WZDG
- Scotts Hill, North Carolina; United States;
- Broadcast area: Wilmington, North Carolina
- Frequency: 88.5 MHz
- Branding: Hope Radio

Programming
- Format: Southern gospel

Ownership
- Owner: Carolina Christian Radio Inc.

Technical information
- Licensing authority: FCC
- Facility ID: 88327
- Class: C3
- ERP: 8,900 Watts (vertical)
- HAAT: 166 meters (vertical)
- Transmitter coordinates: 34°30′07″N 78°04′58″W﻿ / ﻿34.50194°N 78.08278°W

Links
- Public license information: Public file; LMS;
- Webcast: Listen Live
- Website: yourhoperadio.com

= WZDG =

WZDG (88.5 FM) is a radio station broadcasting a southern gospel format. Licensed to Scotts Hill, North Carolina, United States, it serves the Eastern North Carolina area. The station is currently owned by Carolina Christian Radio Inc.

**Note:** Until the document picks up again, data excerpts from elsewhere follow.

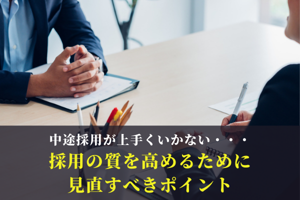 人手不足に悩む企業が増える中、求職者に対する魅力的な求人情報を作り込むことができなかったり、自社が望む人材を十分に集められなかったりして、思い通りに中途採用を進められない企業が増えてきています。 新卒採用で必要な人材が1人も確保できず、やむなく中途採用を検討するも、結果が出ていない企業もあります。 この記事では、そんな「中途採用がうまくいっていない」企業向けに、現代においてなぜ中途採用が難しくなってきているのかを解説した上で、中途採用の質を高めるための課題・見直すべきポイントについてご紹介します。
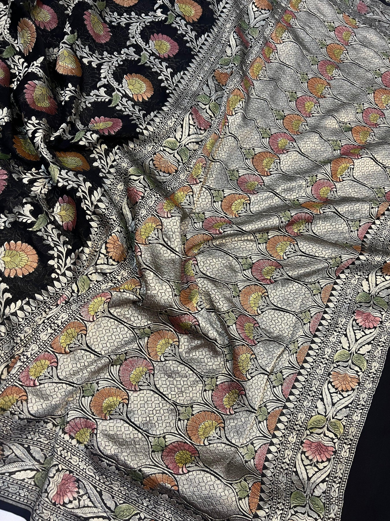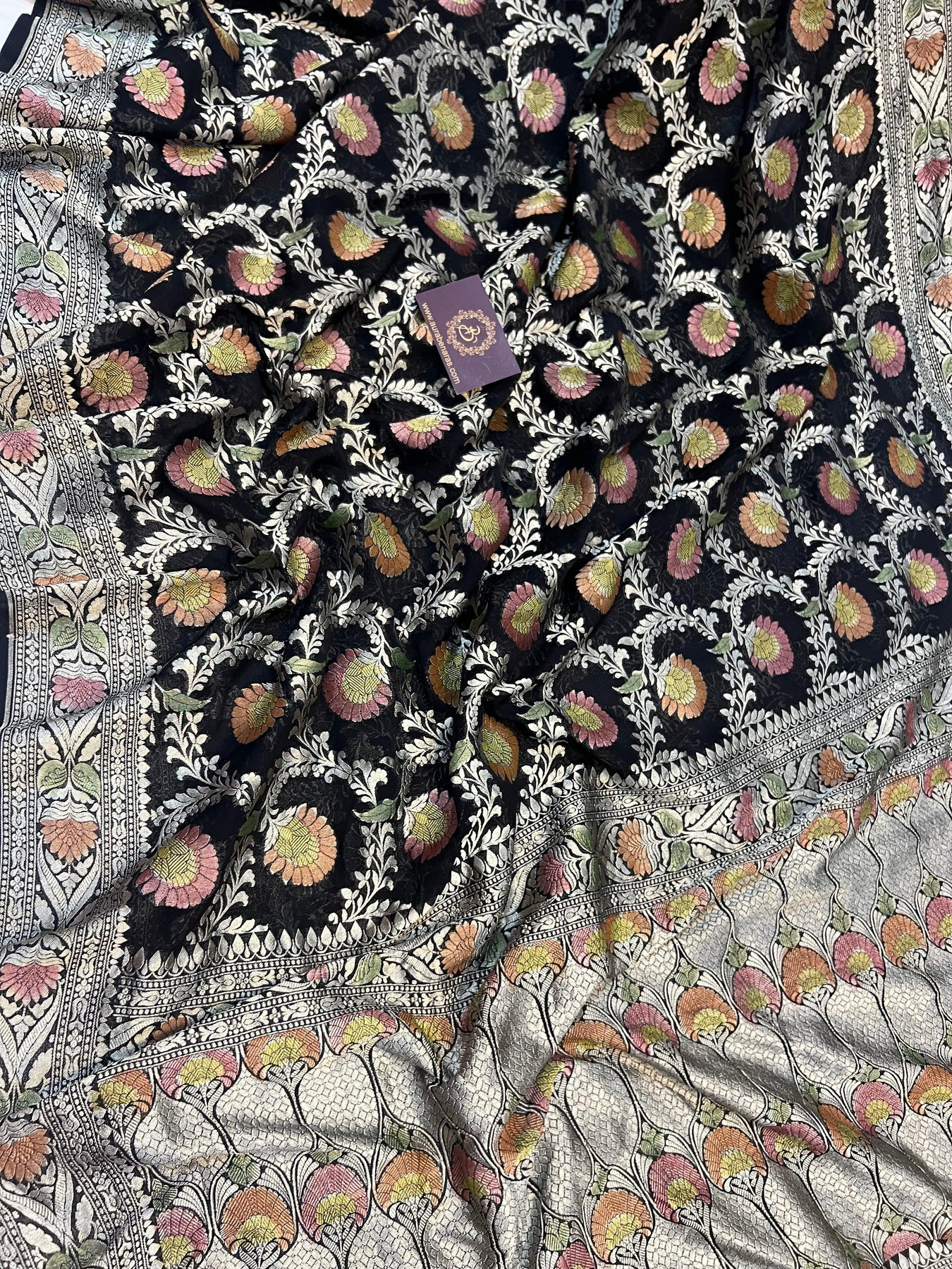Pre Order :: Black Rangkaat Banarasi Khaddi Georgette Saree
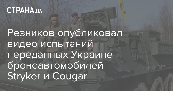 Министр обороны Украины Алексей Резников опубликовал видео испытания переданных Украине бронеавтомобилей Stryker и Cougar и лично проехался в одной из военных машин.
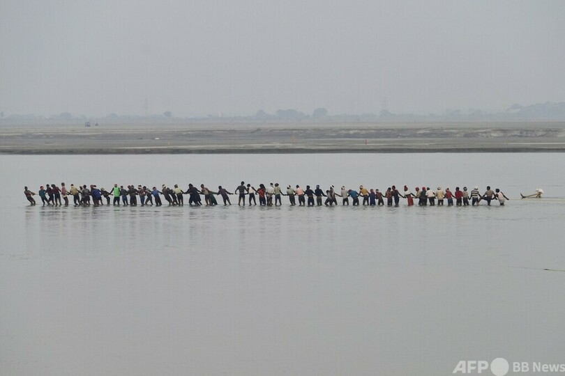 ニュース ライフ 今日の1枚 【今日の1枚】浅瀬で綱引き? インド 2022年12月8日 12:15 発信地:アラハバード/インド [ インド アジア・オセアニア ] このニュースをシェア ‹ › ❮ 1/3 ❯ インド・アラハバードで、毎年恒例のヒンズー教の祭典「マグメーラ」に合わせてガンジス川に浮橋を設置しようと浅瀬でブイを付けたロープを引く労働者ら(2022年11月26日撮影)。(c)SANJAY KANOJIA / AFP 画像作成中 ! 【12月8日 AFP】インド・アラハバード(Allahabad)で、毎年恒例のヒンズー教の祭典「マグメーラ(Magh Mela)」に合わせてガンジス(Ganges)川に浮橋を設置しようと浅瀬でブイを付けたロープを引く労働者ら。(c)AFP ライフ 一覧へ> メディア・報道関係・法人の方向け 写真・動画 購入のお問合せ>
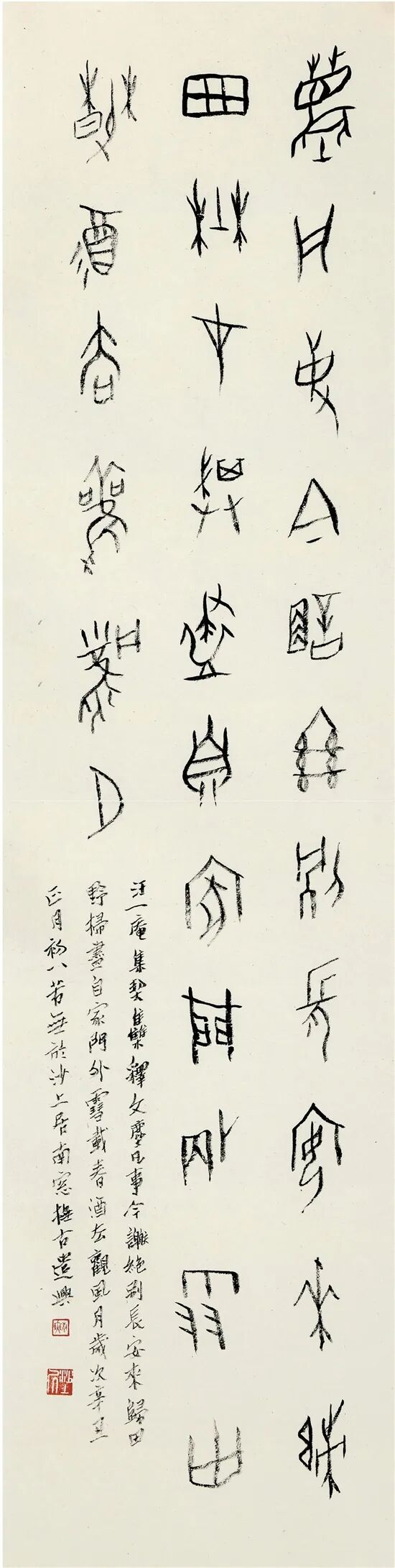 毫不例外,甲骨文书法同正草隶篆一样面临一个临摹——创作——再临摹的过程,我在临摹甲骨文时,先通读,再挑出刀味结构佳的进行放大,裝订成册,时常揣摩,刚开始时,写出的甲骨文总有很多篆书的影子,中规中矩,不大活泼,而甲骨文最大特点之一就是天真烂漫,劲挺自由,所以在临累了疲劳时就多看多品味——只有掌握了甲骨文的规律,才能登堂入室,渐入佳境。而在甲骨文创作中最难的也是经常碰到的的问题是范字的不足。甲骨文书法创作同其他字体相比较难,社会上研究它的人本来就少之又少,这里我们不妨多听听董作宾先生的意见:书写甲骨文书法“不能用学术立场加以限制”,有的字可以“借用初文”,有的可釆用“假借”,当然我们也不能用这样的借口做挡箭牌,碰到没有的字就可以胡编乱造,这里面还有一个原则问题,首先尽量用已确认的字,实在没有不得已才可用假借或初文,这里还牵涉作者的学养水平,平时要多读一些文字学方面的书,多査阅典籍资料,否则要想在甲骨文领域有所作为是难之又难的。古人论书有“书贵瘦硬方通神”之谓,这用在其它字体可能会有争议,而用在甲骨文书写却是至论,因为甲骨文是契刻而成,以刀代笔,这就注定了它的鲜明特点,我们看甲骨原作,就不难发现它的线条质量是何等高妙,瘦劲有力,绝非是那种单调无生命力的春蚓秋蛇。

WZDG was a Christian rock station known as "The Edge", with the morning show The Dive with Scott and Earl. However, a drop in donations, especially the loss of one large donor, led to the change on November 12, 2012, to Christian talk and teaching, with programming previously heard on WMYT.

In September 2021, WZDG changed their format from Christian talk (which moved to WDVV 89.7 FM Wilmington) to southern gospel, branded as Hope Radio".